In the way of many transplants to California, English-born Eadweard Muybridge (1830–94) reinvented himself a few times-changing his name, for example, from the slightly less exotic Edward James Muggeridge-before settling down in San Francisco in 1855. That’s a tall claim, but Solnit ( Wanderlust, 2000, etc.) defends it capably, if sometimes obliquely. Solnit was also awarded Harvard's Mark Lynton History Prize in 2004 for River of Shadows.Gracefully written, thoroughly well-considered life of the 19th-century California immigrant whose strange experiments in photography yielded both Hollywood and Silicon Valley.

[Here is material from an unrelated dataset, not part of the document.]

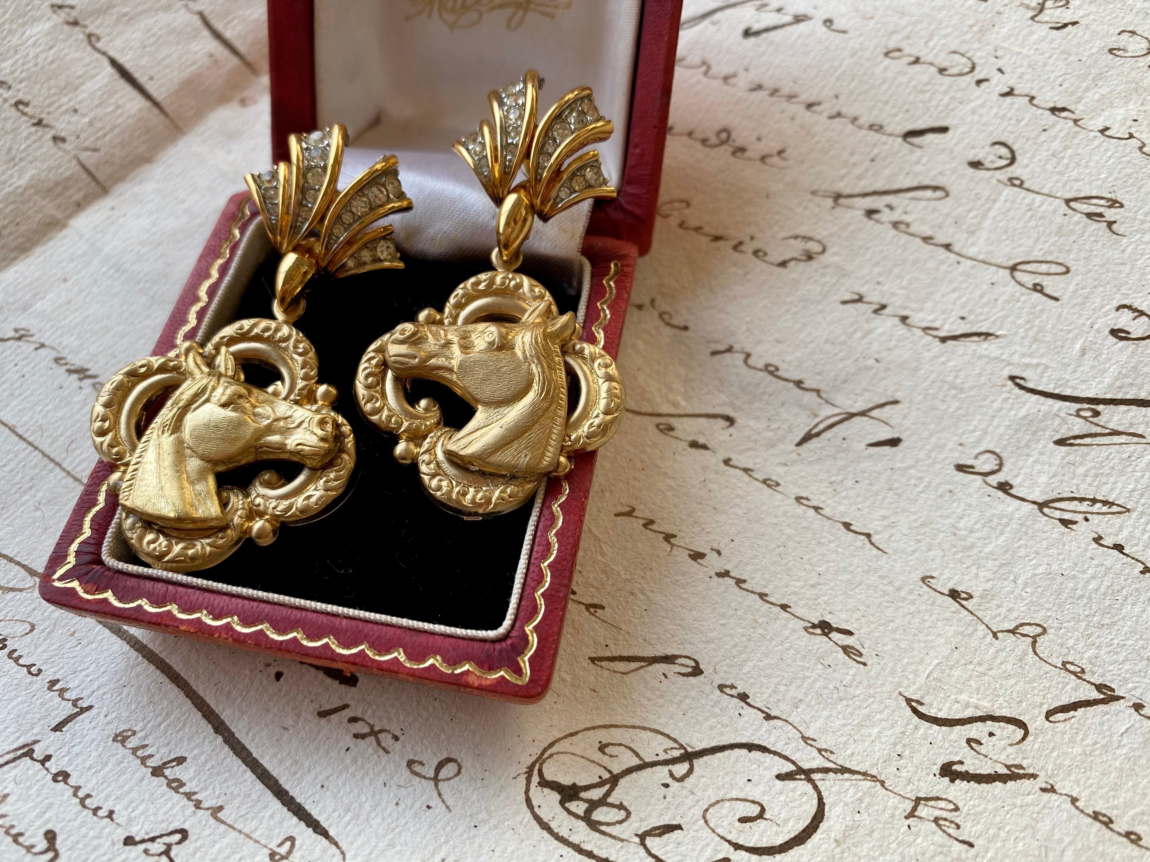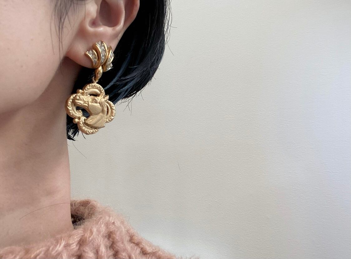 ラインストーンの埋め込まれた優美なヴィンテージカボションと、ボタニカルフレームにおさまった馬とのコンビネーションがユニークです。

River of Shadows received a positive response from critics, including Jim Lewis of the New York Times, who called the book "deeply intelligent".įor River of Shadows, Solnit was honored with the 2004 National Book Critics Circle Award in Criticism and the 2004 Sally Hacker Prize from the Society for the History of Technology, which honors exceptional scholarship that reaches beyond the academy toward a broad audience. While it contains elements of history and biography, it also contains many explorations of topics like the history of timekeeping itself that are related to the main ideas of the book. Solnit has stated in an interview with the Believer that she considers herself a modern essayist, and River of Shadows is reflective of that style. In 11 chapters, Solnit examines how the telegraph, the railroad, photography, and the science of geology all changed how humans understood time and situates Muybridge's role in history and his technological innovations within this context.

river of shadows solnit

At the same time, his lifespan is also situated in a period and place during which the world around him was changing rapidly and, Solnit argues, in which human experience of time was also changing as a result of new technology. Muybridge's life story itself seems to hinge on three major crises: his carriage accident, his murder of his wife's lover, and his break with patron Leland Stanford. In an interview with PBS, Solnit explains that Muybridge was born in 1830, the same year the first passenger railway ran in England and thus his life spans from the birth of the railroad through the birth of aviation technology.